Items listed in a dataset:
+===+
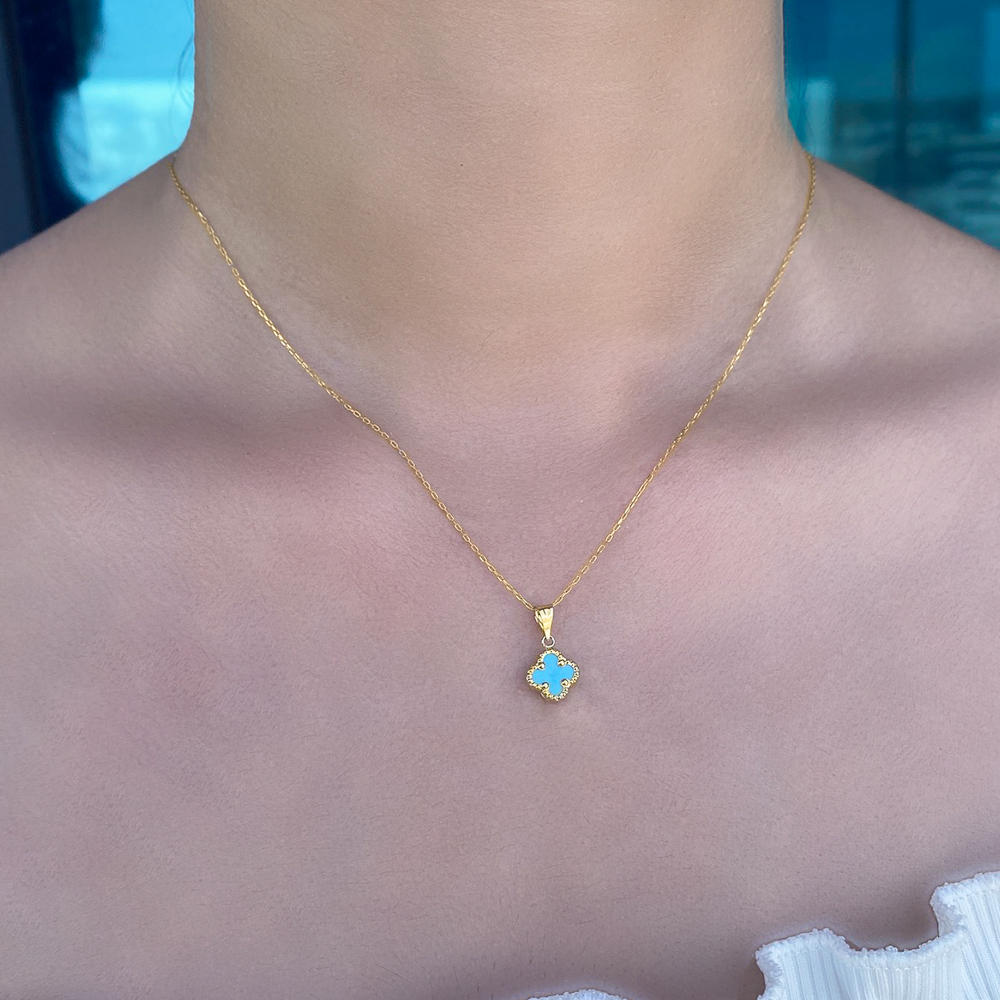 • Ένα υπέροχο κολιέ με χρυσή αλυσίδα και μενταγιόν 14 καρατιών με τιρκουάζ σε χαρακτηριστικό σχήμα λουλούδι - σταυρός, διάστασης 9x15 χιλιοστών.
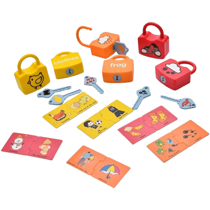 Jucarii, Copii si BebeJucarii si jocuriJucarii & jocuri educativeJucarii interactiveSet 6 Lacate, 6 chei, cartonase de asociere imagini diverse, Broscuta, Norisori, Cuvinte, 18 piese, 3 ani +, Edujucarii
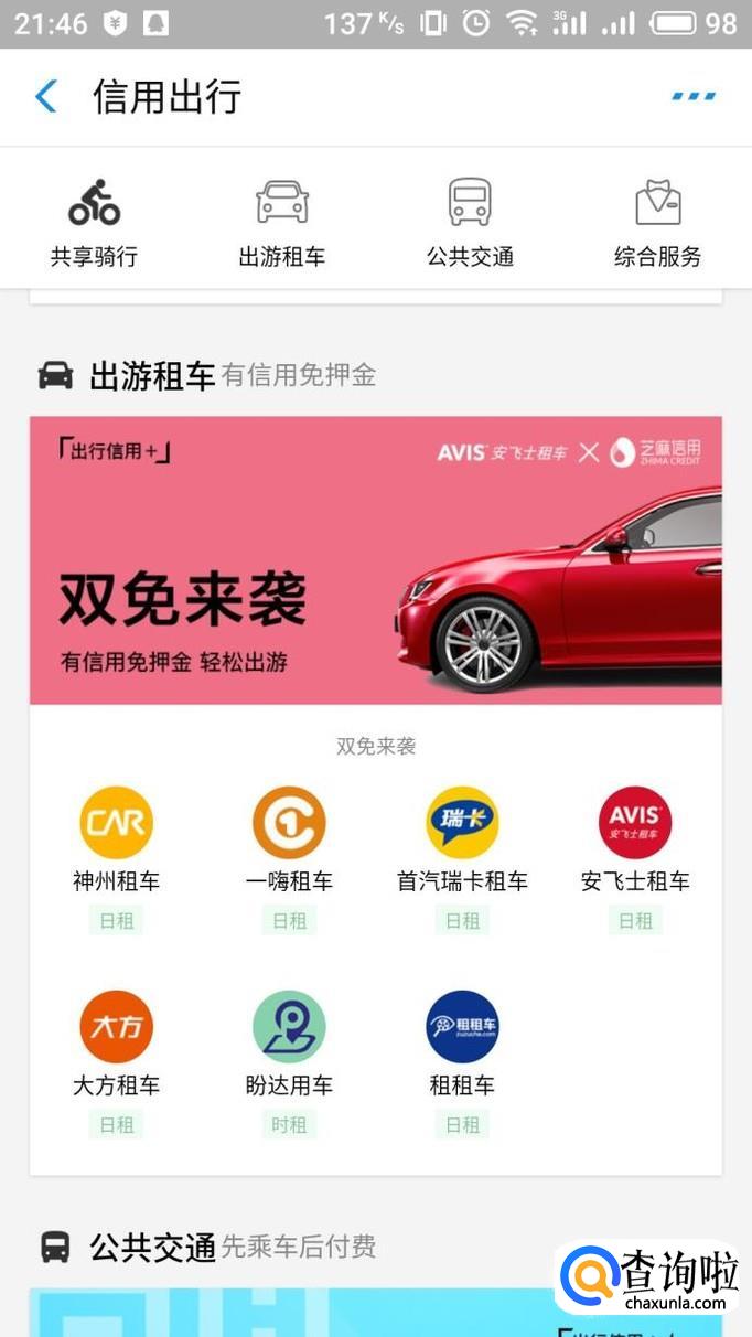 打开支付宝APP,然后在芝麻信用中找到信用出行,在出游租车中选择一个品牌进入。
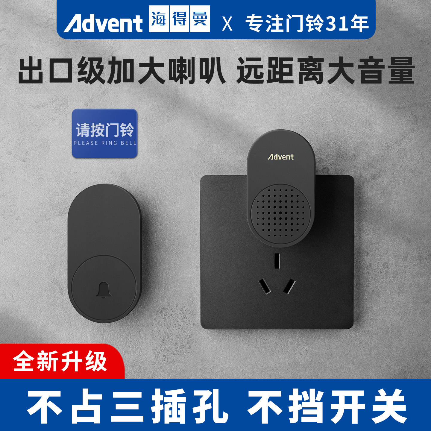 海得曼无线门铃家用一拖二超远距离遥控免打孔电子黑色海德曼门玲
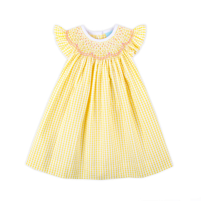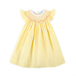 Your little sweetie will be all smiles in our Buttercup Yellow Seersucker Smocked Dress! This darling dress features geometric smocking and fluttery sleeves with white picot trim for the perfect touch of charm. Made for twirling through sunny days and sweet celebrations!
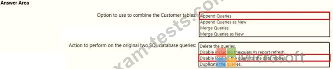 You need to combine the Customer tables into a single table. The solution must minimize the size of the data model and support scheduled refresh in powerbi.com.
+===+
DESCRIPTION OF THE TASK
When copying the entries, drop the images and keep every line exact.

RESPONSE
 • Ένα υπέροχο κολιέ με χρυσή αλυσίδα και μενταγιόν 14 καρατιών με τιρκουάζ σε χαρακτηριστικό σχήμα λουλούδι - σταυρός, διάστασης 9x15 χιλιοστών.
 Jucarii, Copii si BebeJucarii si jocuriJucarii & jocuri educativeJucarii interactiveSet 6 Lacate, 6 chei, cartonase de asociere imagini diverse, Broscuta, Norisori, Cuvinte, 18 piese, 3 ani +, Edujucarii
 打开支付宝APP,然后在芝麻信用中找到信用出行,在出游租车中选择一个品牌进入。
 海得曼无线门铃家用一拖二超远距离遥控免打孔电子黑色海德曼门玲
 Your little sweetie will be all smiles in our Buttercup Yellow Seersucker Smocked Dress! This darling dress features geometric smocking and fluttery sleeves with white picot trim for the perfect touch of charm. Made for twirling through sunny days and sweet celebrations!
 You need to combine the Customer tables into a single table. The solution must minimize the size of the data model and support scheduled refresh in powerbi.com.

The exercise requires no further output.